§ What the task requires: Starting at the line with "A bus ticket" and stopping at the final line, retype the data below exactly; do not carry over any pictures.

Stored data
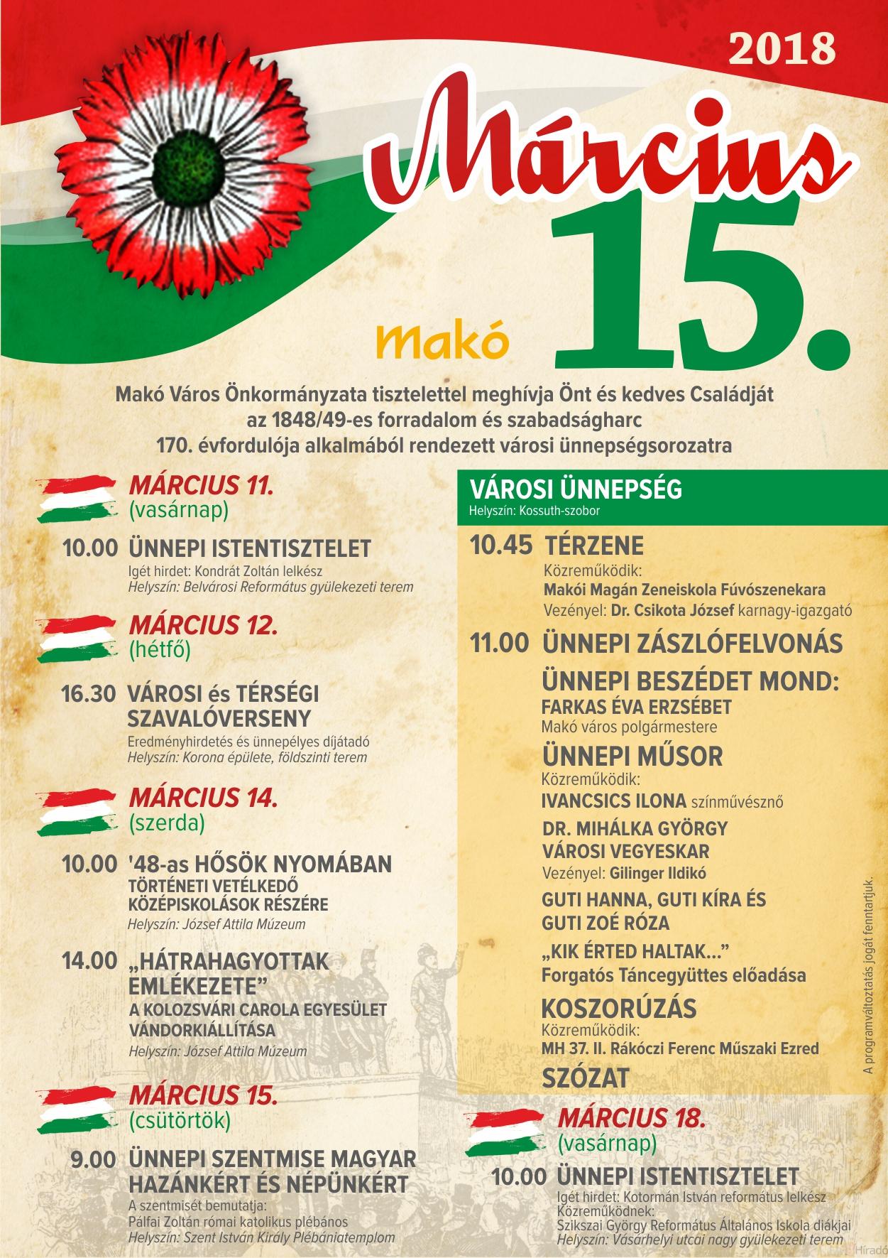 A programok már 11-én elkezdődnek és csak 18-án fejeződnek be. A városi ünnepség március 15-én délelőtt 11 órakor kezdődik.
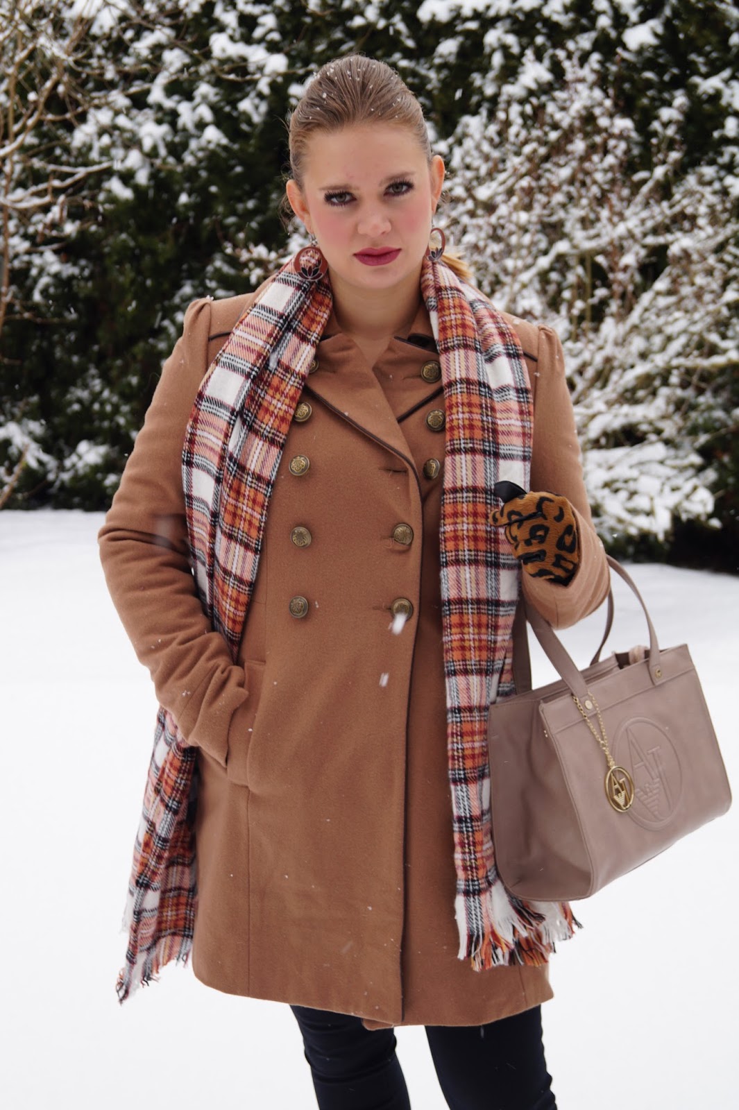 Um das ganze ein bisschen aufzupeppen habe ich Handschuhe mit Leopardenmuster mit einem karierten Wollschal kombniert.
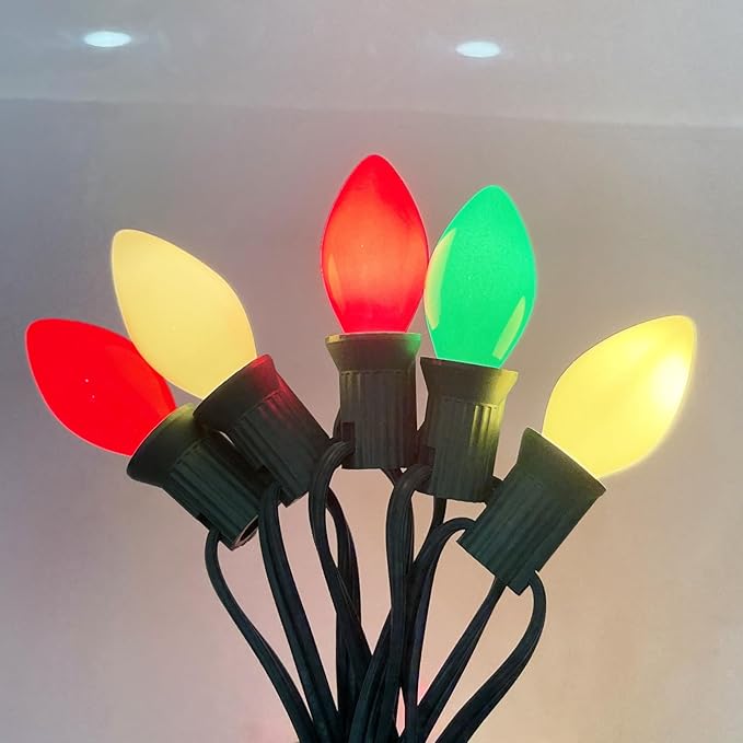 - Vintage Christmas Lights Decor: These traditional christmas string lights feature C7 E12 red green white bulbs that provide a nice, soft red green white glow that will be eye-catching during your Christmas outdoor decorations.These incandescent light bulbs have an old-fashioned appearance while featuring a ceramic casing that makes them look classy and elegant. It will be a great choice for creating your little outdoor paradise
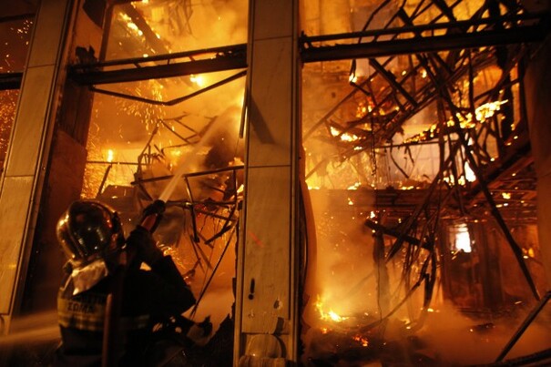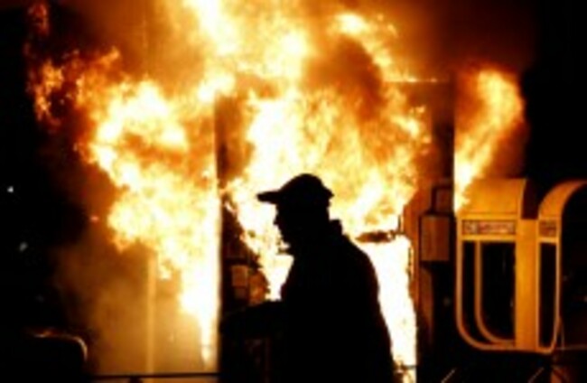 A bus ticket kiosk burns in Athens. Kostas Tsironis/AP/Press Association Images
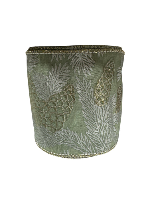 4" Green Wired Ribbon with Gold and Silver Pinecones
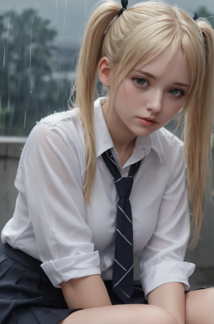 doamarierose, blond hair twin tails, bangs, dark navy eyes, seifuku, white shirt, loose necktie
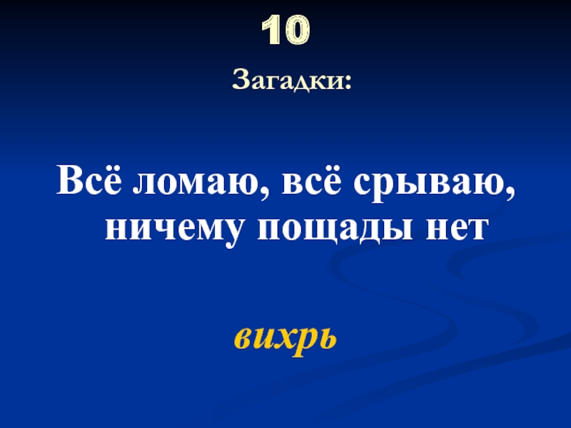 10  Загадки: Всё ломаю, всё срываю, ничему пощады нетвихрь
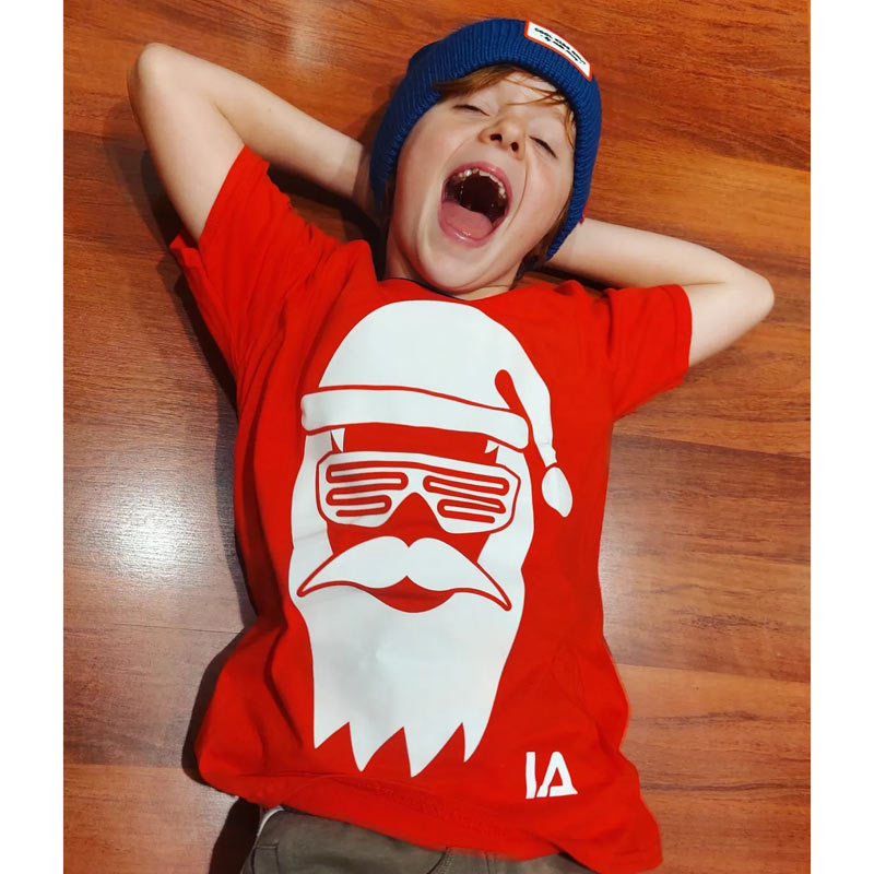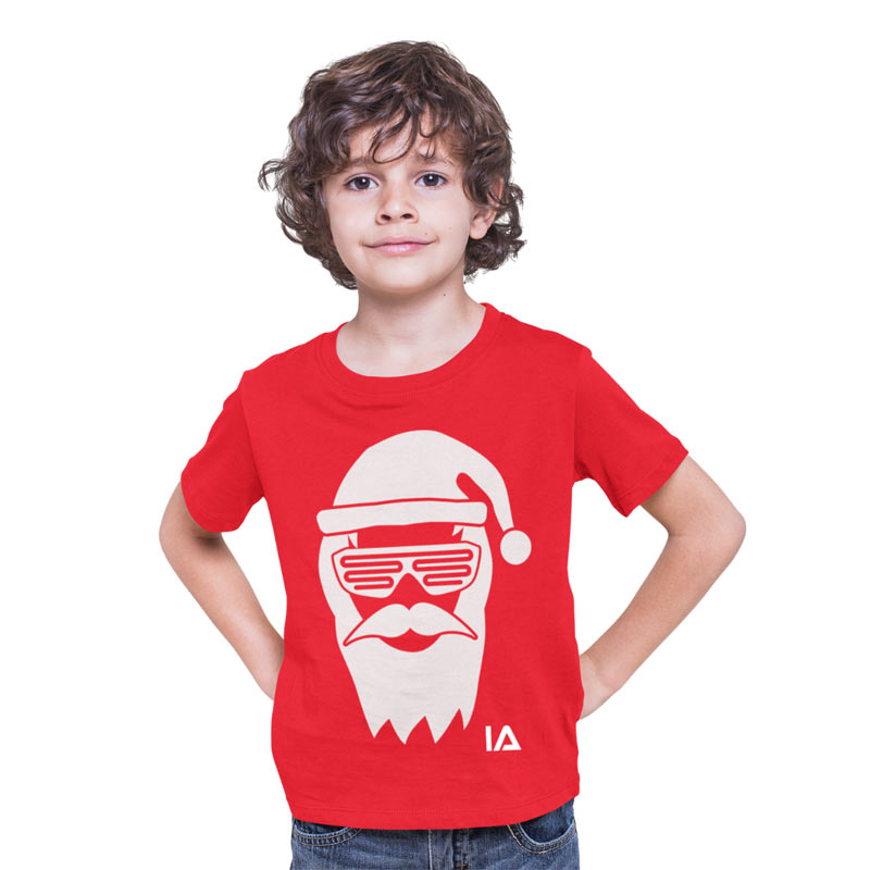 T-shirt enfant phosphorescent Cool Santa, le père Noël à lunettes, et lampe led, coloris Rouge/blanc, design Illuminated Apparel (Londres)

§ Output of the exercise:
 A bus ticket kiosk burns in Athens. Kostas Tsironis/AP/Press Association Images
 4" Green Wired Ribbon with Gold and Silver Pinecones
 doamarierose, blond hair twin tails, bangs, dark navy eyes, seifuku, white shirt, loose necktie
 10  Загадки: Всё ломаю, всё срываю, ничему пощады нетвихрь
 T-shirt enfant phosphorescent Cool Santa, le père Noël à lunettes, et lampe led, coloris Rouge/blanc, design Illuminated Apparel (Londres)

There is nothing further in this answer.